Write each line of the material exactly as given, from the top through the line that contains "李美越曾发布过自己是美国和越南混血的言论,他的名字就是最好的证明。", and omit all pictures.

========

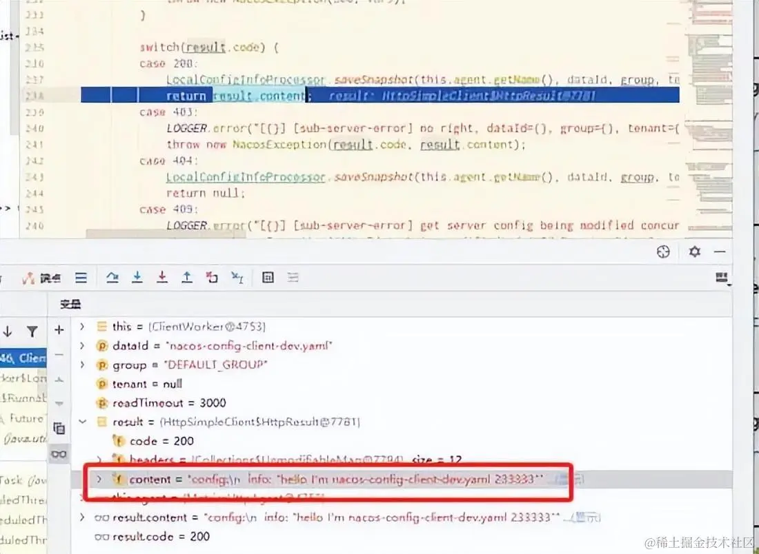注意:这里的断点需要注意 Nacos 服务器上修改配置(间隔大于 30s),进入后才好理解;
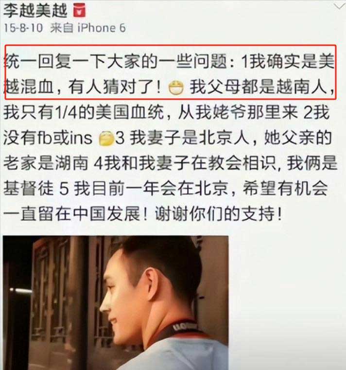 李美越曾发布过自己是美国和越南混血的言论,他的名字就是最好的证明。
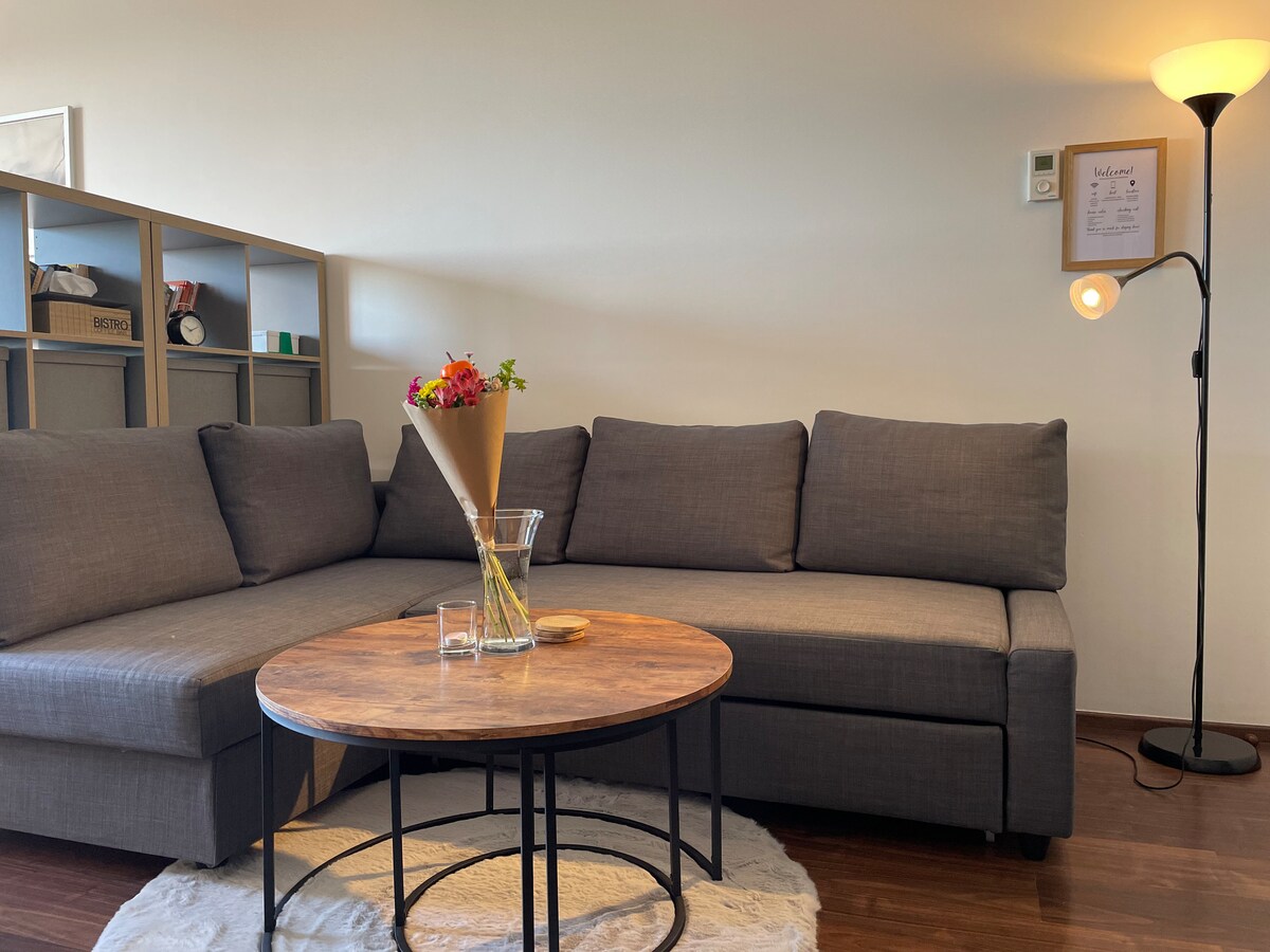 If you are traveling by yourself then this apartment is just what you’re looking for. It is a compact, yet comfy, bright one-bedroom apartment with wooden furniture and a French window. The apartment has a storage unit, a big TV on the wall, and a fully equipped kitchen. (The kitchen is shared with 3 other apartments). The design of the bathroom is minimalistic but underlined with warm colors and large tiles. You can also spend time on the balcony which is a part of the shared spaces.
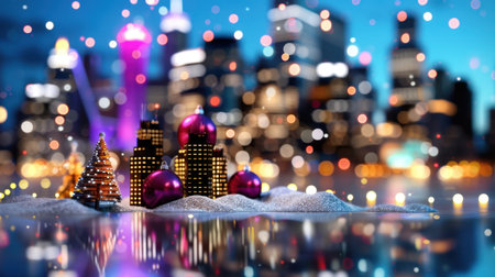 A captivating nighttime scene featuring a miniature cityscape adorned with colorful Christmas ornaments and a touch of snow, exuding festive cheer.
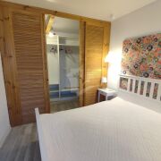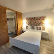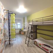 В спальной комнате отдельная гардеробная, двуспальная кровать. Детская комната оборудована двумя детскими кроватями, столиком и детским спортивным комплексом.
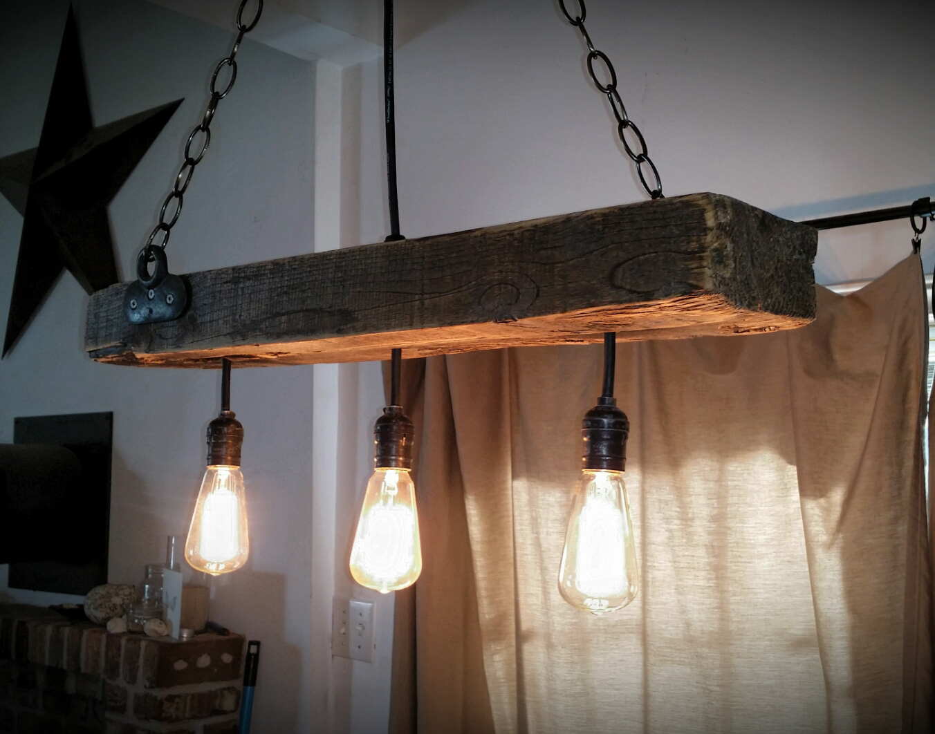 Unique lighting created from reclaimed wood.

========

> [Finished exercise]
注意:这里的断点需要注意 Nacos 服务器上修改配置(间隔大于 30s),进入后才好理解;
 李美越曾发布过自己是美国和越南混血的言论,他的名字就是最好的证明。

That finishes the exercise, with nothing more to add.